# 91 Toyota Pickup 4x4 EV Conversion



## evcars (Mar 15, 2008)

I am ready to build my second electric vehicle a 91 Toyota Pickup 4x4. I like the idea of using this truck because its in very good condition, I drove it everyday and know it will be reliable. Also for being 4wd the truck is relatively light weight, has decent aerodynamics, and can handle the weight of the batteries. 

I need help deciding which electric parts would be best for the truck. I want it to have a top speed of 70 mph and range of 40 miles. 
My thoughts are to go with a 144 volt system, 24 Trojan T-105 batteries, Curtis 1231C-8601, and the ADC 9.1" #FB1-4001A motor. 
Anyone with a similar EV setup think this would give me the range and speed I want? 

Or

I was considering 156 volts and a Logisystem 550 amp controller but don't know about their reputation. How do you charge 156 volts?
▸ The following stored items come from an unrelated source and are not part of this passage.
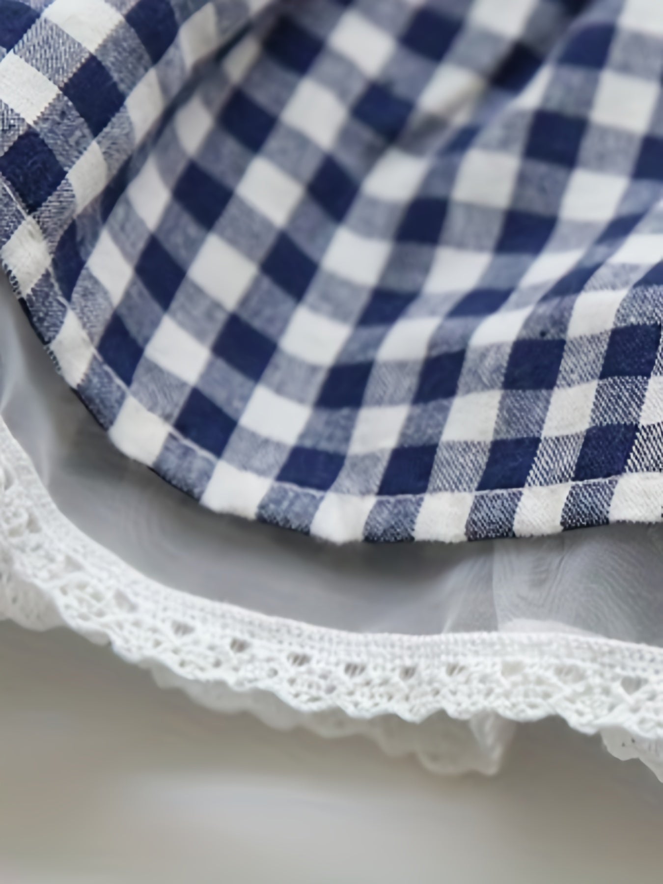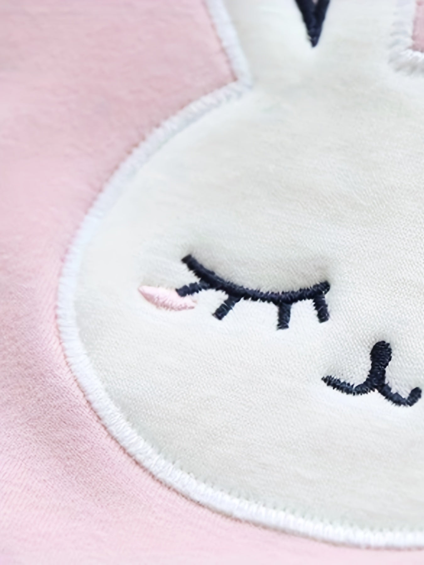 Girls' Long Sleeve Cotton Dress with Rabbit Embroidery Pink Princess Skirt Checkered Pattern Lace Trim for Girls
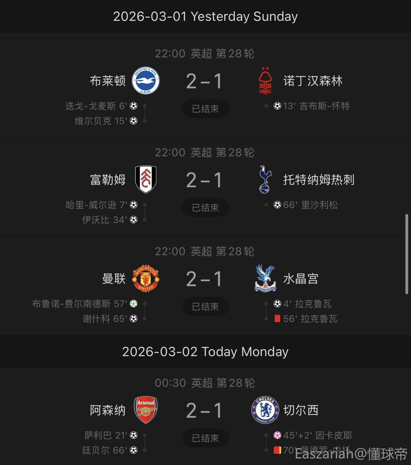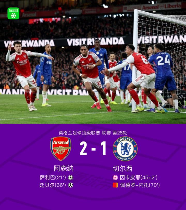 北京时间3月2日英格兰足球顶级联赛 联赛 第28轮,阿森纳主场对阵切尔西。上半场,萨利巴破门。半场补时阶段,詹姆斯开出角球,因卡皮耶不慎自摆乌龙。下半场,阿森纳开出角球,廷贝尔建功。随后,内托铲倒马丁内利拿到第二张黄牌被罚下。全场比赛结束,阿森纳2-1击败十人切尔西。
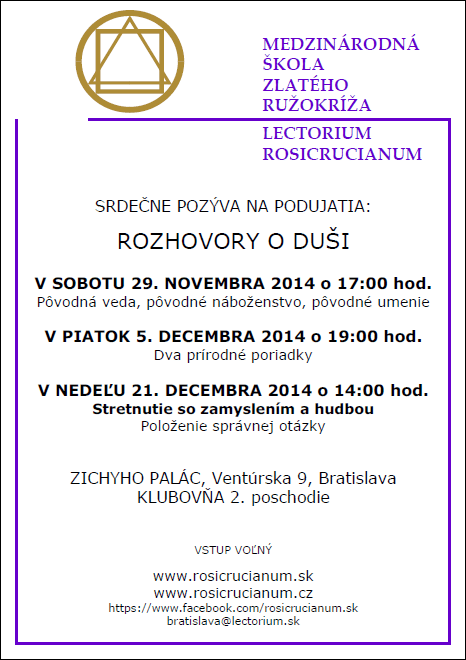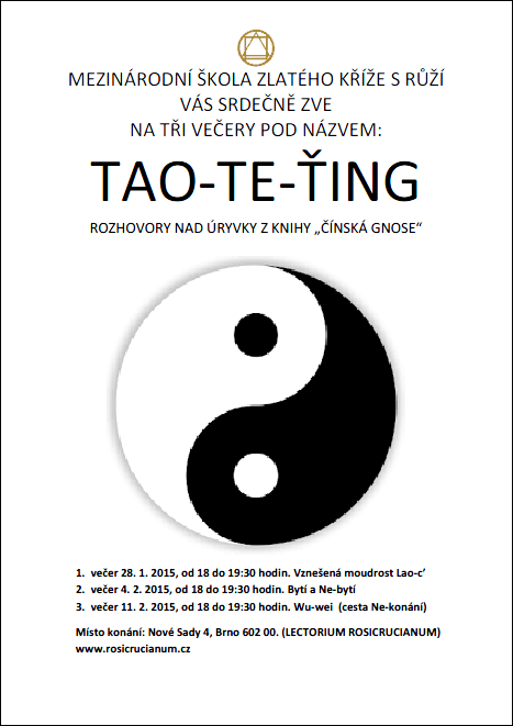 Srdečně Vás zveme na cyklus tří večerů s názvem TAO-TE-ŤING. Tyto večery budou probíhat ve formě rozhovorů nad úryvky z knihy „Čínská Gnose“, v brněnském centru školy Lectorium Rosicrucianum na Nových sadech 4 v Brně.
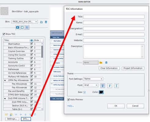 2. Project > Table of Contents > "Info Box" > TOC Information (contains entries for Title, Name, Designation, E-mail, Website, and Description). This screen also has some Theme settings and a button titled "Project Information" which copies some of the fields from item 1 above, though the titles don't always match 1 for 1.
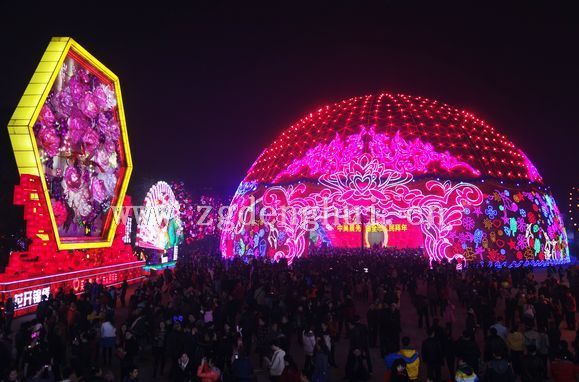 夢幻天穹燈景區(qū)的主特點是創(chuàng)新地將傳統(tǒng)彩燈工藝和新光源技術(shù)有機結(jié)合,運用高科技程控技術(shù)將現(xiàn)代光源的動感變化與音效節(jié)奏有機結(jié)合,360度環(huán)形藝術(shù)光雕圖案優(yōu)美、光影變幻,展現(xiàn)傳統(tǒng)與現(xiàn)代和諧統(tǒng)一的藝術(shù)魅力。

I have only seen chargers for 96, 120 and 144. If the controller works well and reliably, would this get closer to my range and speed? 
Thanks for all the help!! I will probably have many more questions.


----------



## madderscience (Jun 28, 2008)

Your component choices will probably be able to do 70mph and 40 miles, but given that it is a 4x4 truck, probably not at the same time.

I believe the manzanita chargers can go higher than 144V. Your other option is to split your pack, for example a 72V and a 96V section and charge them separately.

Unless you really need the 4wd you could probably save yourself a couple hundred pounds and some complexity, and increase your driving range a bit by finding a 2wd model of the same truck, if you like that particular model.

The more batteries the merrier. 156V means another 120lbs of lead (if we are talking 6V golf cart batteries) but if the truck can take it, it's probably not a bad idea.

The advanced DC 9" will have enough oomph but the next step up (a warp 9", with tougher brushes) might not be a bad upgrade. I don't think they cost that much more.

Since this truck is going to weigh around 5000lbs, a set of good high PSI truck tires, and some heavy duty brakes would be in order.

Good Luck.


----------